[Dataset items]
※ ※ ※
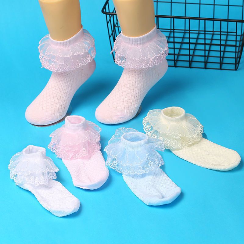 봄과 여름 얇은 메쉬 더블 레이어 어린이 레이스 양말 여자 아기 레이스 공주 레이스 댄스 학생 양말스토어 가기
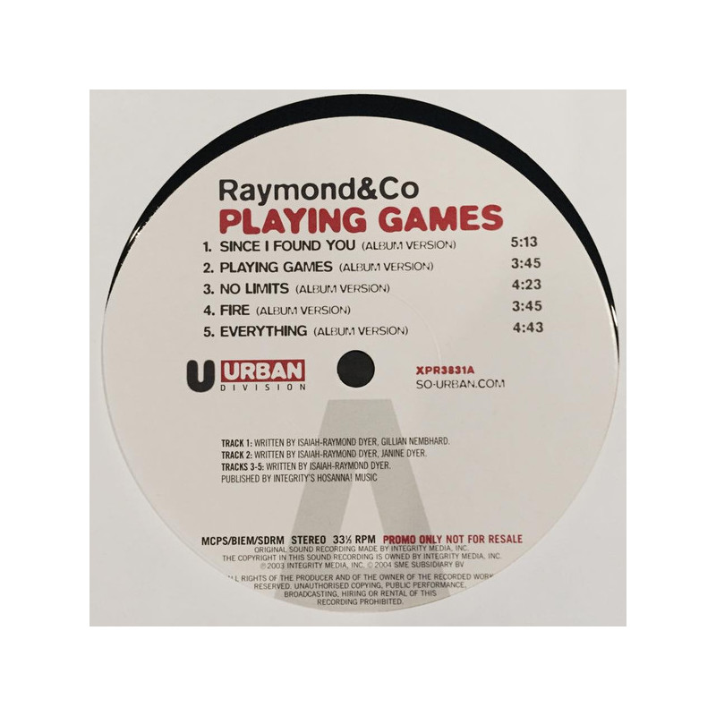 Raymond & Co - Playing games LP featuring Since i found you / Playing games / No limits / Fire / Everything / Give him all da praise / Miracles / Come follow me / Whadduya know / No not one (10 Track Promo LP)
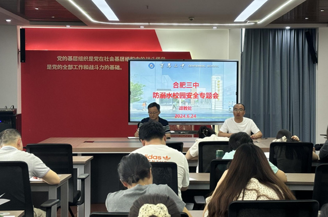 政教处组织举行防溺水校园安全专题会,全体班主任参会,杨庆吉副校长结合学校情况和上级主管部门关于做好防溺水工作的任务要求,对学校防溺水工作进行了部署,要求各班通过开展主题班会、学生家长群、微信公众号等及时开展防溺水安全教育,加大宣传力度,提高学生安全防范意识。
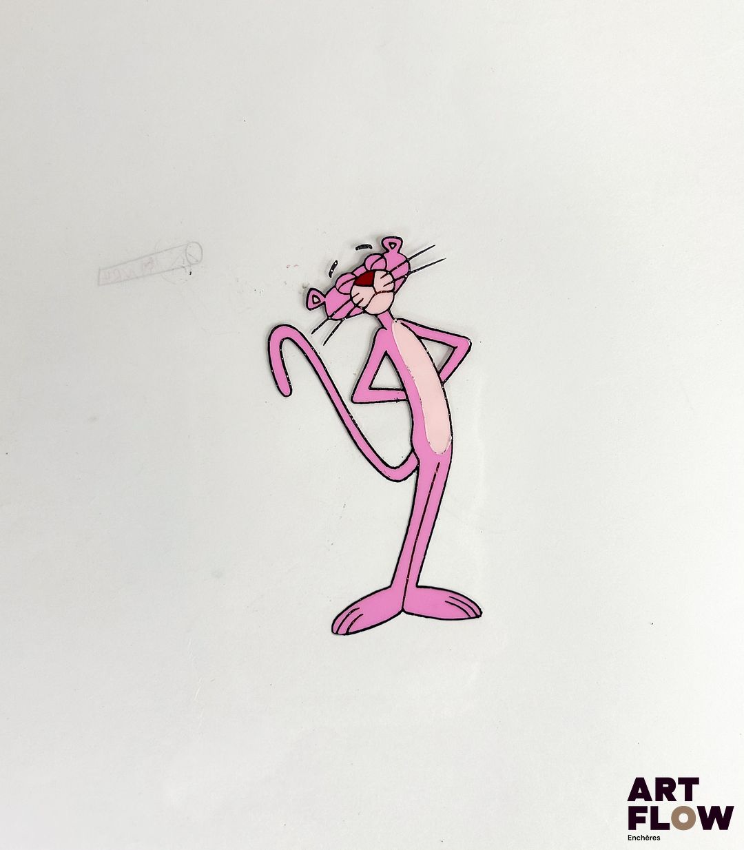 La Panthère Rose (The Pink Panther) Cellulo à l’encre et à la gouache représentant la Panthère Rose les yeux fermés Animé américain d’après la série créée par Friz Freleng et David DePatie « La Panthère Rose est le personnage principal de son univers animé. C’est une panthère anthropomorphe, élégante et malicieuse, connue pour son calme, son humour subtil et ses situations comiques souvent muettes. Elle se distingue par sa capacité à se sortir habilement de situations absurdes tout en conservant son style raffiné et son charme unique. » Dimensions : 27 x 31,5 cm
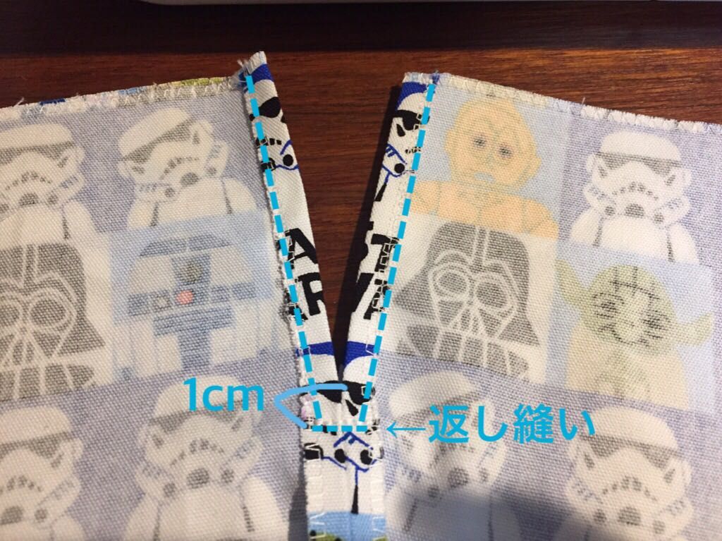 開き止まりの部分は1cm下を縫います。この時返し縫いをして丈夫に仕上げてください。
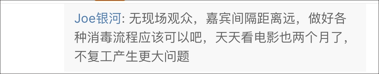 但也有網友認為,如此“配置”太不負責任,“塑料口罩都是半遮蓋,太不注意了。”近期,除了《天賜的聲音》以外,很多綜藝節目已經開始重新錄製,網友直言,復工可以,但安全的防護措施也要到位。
※ ※ ※
◆ What you will do
Give back every entry verbatim. No pictures belong in the copy.

◆ Answer for the task
 봄과 여름 얇은 메쉬 더블 레이어 어린이 레이스 양말 여자 아기 레이스 공주 레이스 댄스 학생 양말스토어 가기
 Raymond & Co - Playing games LP featuring Since i found you / Playing games / No limits / Fire / Everything / Give him all da praise / Miracles / Come follow me / Whadduya know / No not one (10 Track Promo LP)
 政教处组织举行防溺水校园安全专题会,全体班主任参会,杨庆吉副校长结合学校情况和上级主管部门关于做好防溺水工作的任务要求,对学校防溺水工作进行了部署,要求各班通过开展主题班会、学生家长群、微信公众号等及时开展防溺水安全教育,加大宣传力度,提高学生安全防范意识。
 La Panthère Rose (The Pink Panther) Cellulo à l’encre et à la gouache représentant la Panthère Rose les yeux fermés Animé américain d’après la série créée par Friz Freleng et David DePatie « La Panthère Rose est le personnage principal de son univers animé. C’est une panthère anthropomorphe, élégante et malicieuse, connue pour son calme, son humour subtil et ses situations comiques souvent muettes. Elle se distingue par sa capacité à se sortir habilement de situations absurdes tout en conservant son style raffiné et son charme unique. » Dimensions : 27 x 31,5 cm
 開き止まりの部分は1cm下を縫います。この時返し縫いをして丈夫に仕上げてください。
 但也有網友認為,如此“配置”太不負責任,“塑料口罩都是半遮蓋,太不注意了。”近期,除了《天賜的聲音》以外,很多綜藝節目已經開始重新錄製,網友直言,復工可以,但安全的防護措施也要到位。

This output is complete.